# surf side pier 2nd ave



## IPNURWATER (Aug 20, 2013)

Very productive day . Took my nephew , dad, and brother in law to surf side pier .since it was high tide and couldn't hold 10oz on the surf. Long story short we pulled 3 black drum, 6 flounder, few blues, some spots and only good knows how many whiting and weakfish we caught . So many I lost count...all keepers were given to the locals . I do believe I had one biig bull drum run on a live spot .he peeled drag on my shimano bait runner 6000 d , after locking the drag down I set the hook ,turned him around . I fought the fish for a couple mins then let my nephew take it from there. Good to see a smile from ear to ear . His first big fish. After a five min reel In and a few pumps on the rod the line went slack . Reeled in to check my bait with no bite marks what so ever, no chaffing on my leader .I do believe I lost a big drum. But all in all it was worth every min to see his excitement.I could do that all day with the same outcome and it wouldn't matter to me .


----------



## The Skink (Mar 9, 2009)

IPNURWATER said:


> Very productive day . Took my nephew , dad, and brother in law to surf side pier .since it was high tide and couldn't hold 10oz on the surf. Long story short we pulled 3 black drum, 6 flounder, few blues, some spots and only good knows how many whiting and weakfish we caught . So many I lost count...all keepers were given to the locals . I do believe I had one biig bull drum run on a live spot .he peeled drag on my shimano bait runner 6000 d , after locking the drag down I set the hook ,turned him around . I fought the fish for a couple mins then let my nephew take it from there. Good to see a smile from ear to ear . His first big fish. After a five min reel In and a few pumps on the rod the line went slack . Reeled in to check my bait with no bite marks what so ever, no chaffing on my leader .I do believe I lost a big drum. But all in all it was worth every min to see his excitement.I could do that all day with the same outcome and it wouldn't matter to me .

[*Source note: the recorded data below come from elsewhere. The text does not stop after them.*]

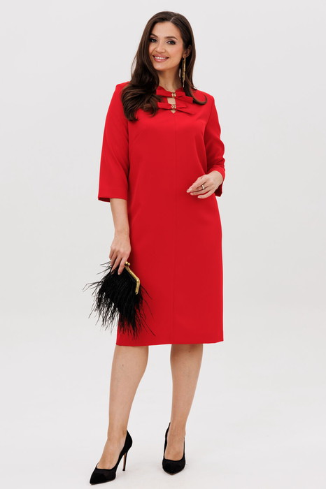 Платье женское полуприлегающего силуэта, зауженное к низу. С талиевыми вытачками, выходящими из бокового шва. Со средним швом, оформленным фигурными выемками с двумя объемными бантами с протяжками в области горловины. Спинка со средним швом, который заканчивается разрезом, и в котором обработана потайная тесьма-молния. Рукав втачной одношовный прямой. Горловина по переду с цельнокроенной стойкой, на спинке с отрезной.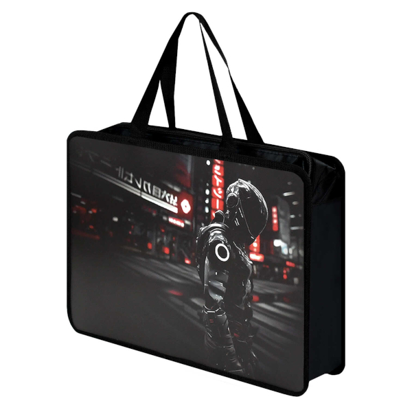 Папка с ручками А4 1отд., пластик, молния "Гонщик в шлеме" 72349 Феникс+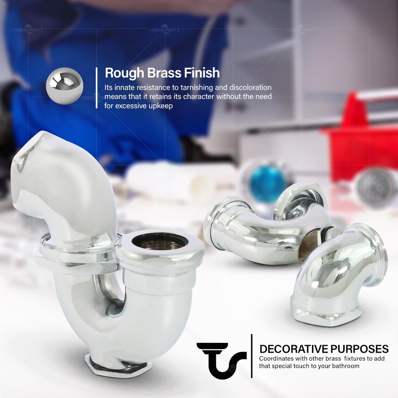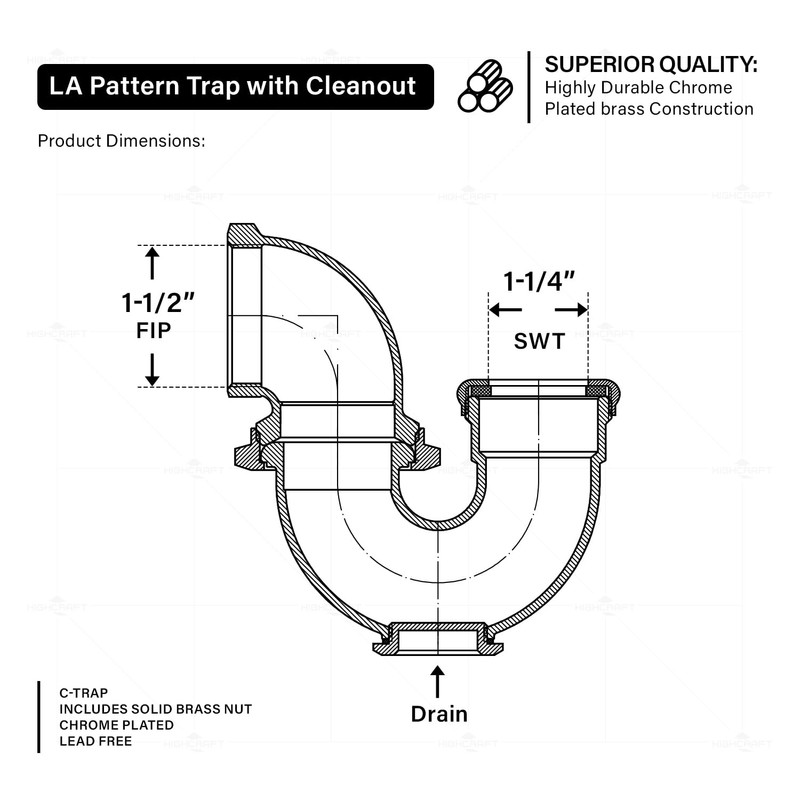 Highcraft Brass Trap LA Pattern Trap 1-1/2" IPS x 1/-1/4" Basin Sink Waste Trap, Chrome Plated Brass Sink Trap for Bathroom Sink, Kitchen Sink, Tubular Drain Applications, Brass Drain Trap w/Nut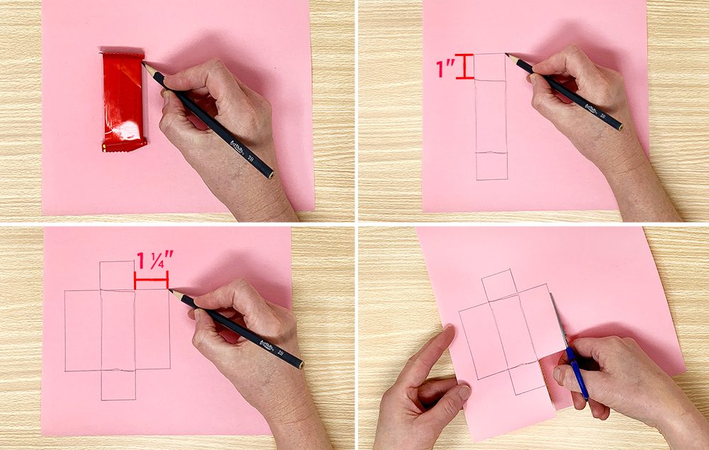 2. Measure and cut out a 3 1/2" wide x 4 5/8” length piece of yellow construction paper (length of your candy roll).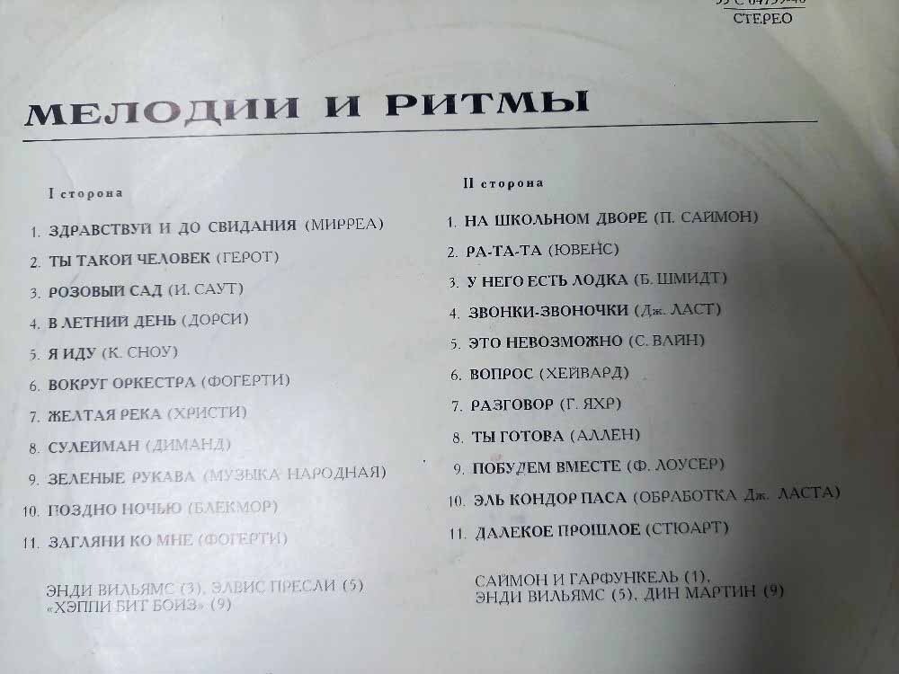 Виниловая пластинка "Д.Ласт. Мелодии и ритмы" 300 мм. (Сост. на фото)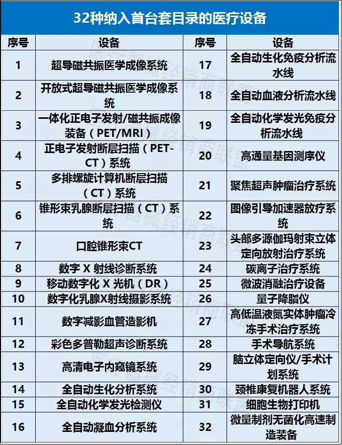 依據(jù)工信部最新發(fā)布的《首臺(套)重大技術(shù)裝備推廣應(yīng)用指導(dǎo)目錄》,共有32種醫(yī)療設(shè)備產(chǎn)品可以享受到“首臺套”推廣應(yīng)用政策的扶持。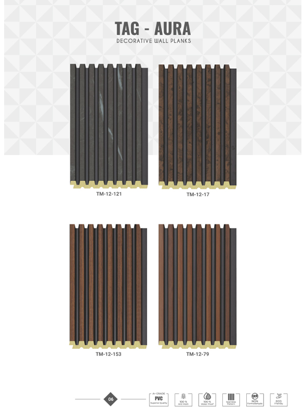 Tag Aura Decorative Wall Planks are a modern and stylish wall décor solution designed to transform plain walls into elegant statement spaces. Crafted with high-quality materials and premium finishes, these wall planks add depth, texture, and a luxurious look to both residential and commercial interiors. Whether you are designing a home, office, showroom, café, or retail space, Tag Aura wall planks deliver a perfect balance of aesthetics, durability, and easy installation.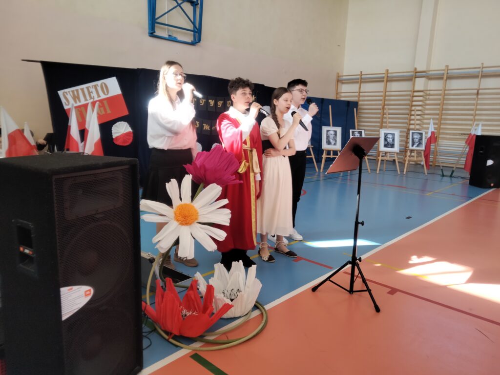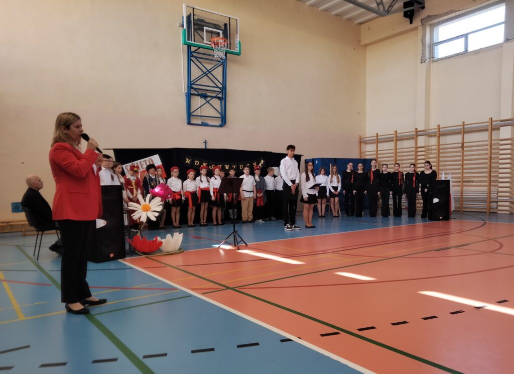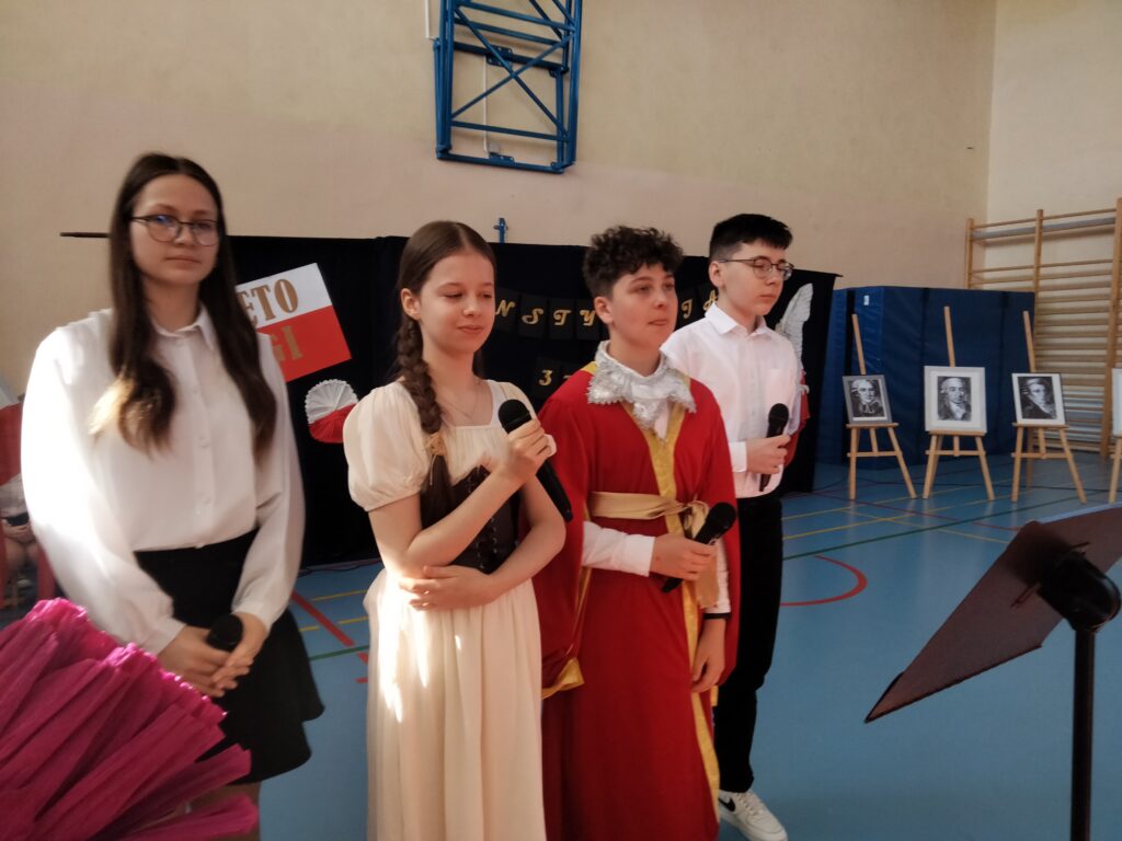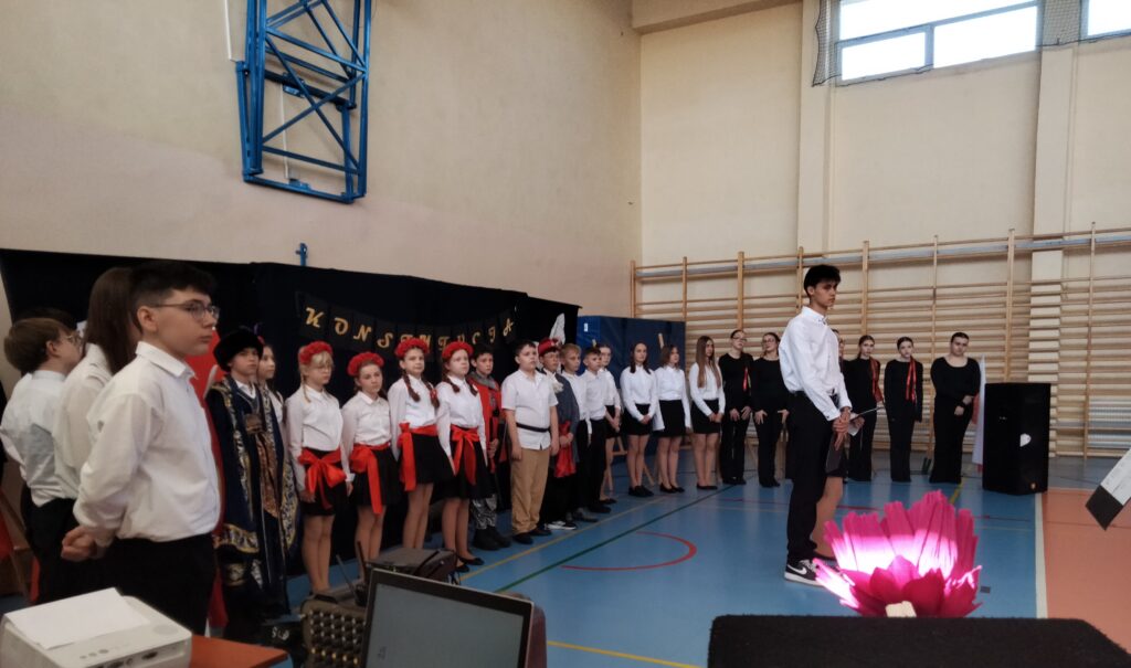 Uczniowie pod okiem organizatorek – p. Aleksandry Kowalczyk oraz p. Katarzyny Stawiak, z dużym zaangażowaniem przygotowali część artystyczną – nie zabrakło wierszy, pieśni patriotycznych oraz inscenizacji nawiązujących do wydarzeń historycznych związanych z uchwaleniem Konstytucji 3 Maja. Szczególnym elementem uroczystości był występ taneczny, który wzbogacił program i spotkał się z entuzjastycznym odbiorem publiczności.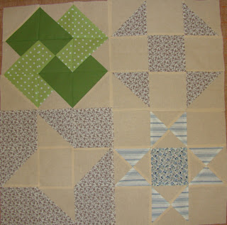 Четыре блока из двадцати четырёх.Сколько впереди интересного!Жаль,что я не представляла с самого начала конечный результат..Очень резкий контраст получается.Теперь буду "разбавлять" бежево-песочную гамму синими и зелёными квадратами.

Sounds like a wonderful day


----------



## beady (Oct 25, 2008)

Looks like you had a productive day there !!!!!


----------



## Gary Carrier (Oct 11, 2012)

IPNURWATER said:


> Very productive day . Took my nephew , dad, and brother in law to surf side pier .since it was high tide and couldn't hold 10oz on the surf. Long story short we pulled 3 black drum, 6 flounder, few blues, some spots and only good knows how many whiting and weakfish we caught . So many I lost count...all keepers were given to the locals . I do believe I had one biig bull drum run on a live spot .he peeled drag on my shimano bait runner 6000 d , after locking the drag down I set the hook ,turned him around . I fought the fish for a couple mins then let my nephew take it from there. Good to see a smile from ear to ear . His first big fish. After a five min reel In and a few pumps on the rod the line went slack . Reeled in to check my bait with no bite marks what so ever, no chaffing on my leader .I do believe I lost a big drum. But all in all it was worth every min to see his excitement.I could do that all day with the same outcome and it wouldn't matter to me .


I know there was a comment made about going to a pier if 4 ounces would not hold. The surf must have really been pounding if 10 ounces would not hold. Does that mean you can fish from a pier and catch fish no matter how bad the wind is blowing? I don't know the answer. Evidently you can based on the success. Any comments?


----------



## Elgreco (Aug 12, 2014)

Its not very fun if the wind is blowing that hard in my opinion.


----------



## beady (Oct 25, 2008)

well you are farther out in the water on a pier, and the weight seems to hold better for some reason but the wind still
blows the line around.....I am confused was he at Surf Side Pier or 2nd Ave pier as they are two different Piers !!!!!


----------



## IPNURWATER (Aug 20, 2013)

It was the first pier I came to south of ocean lakes campgrounds so I could of been wrong.. I took a left onto 2 ave from kings highway tI'll the stop sign, which the road ended .then took a right and the pier was there. I bought a shirt from the pier and says surf side beach .


----------



## RjTheMetalhead (Dec 3, 2011)

Surfside pier it was.


2nd Ave is in downtown MB.


----------



## beady (Oct 25, 2008)

*Pier*



RjTheMetalhead said:


> Surfside pier it was.
> 
> 
> 2nd Ave is in downtown MB.



Yupper you was at Surfside Pier ....................


----------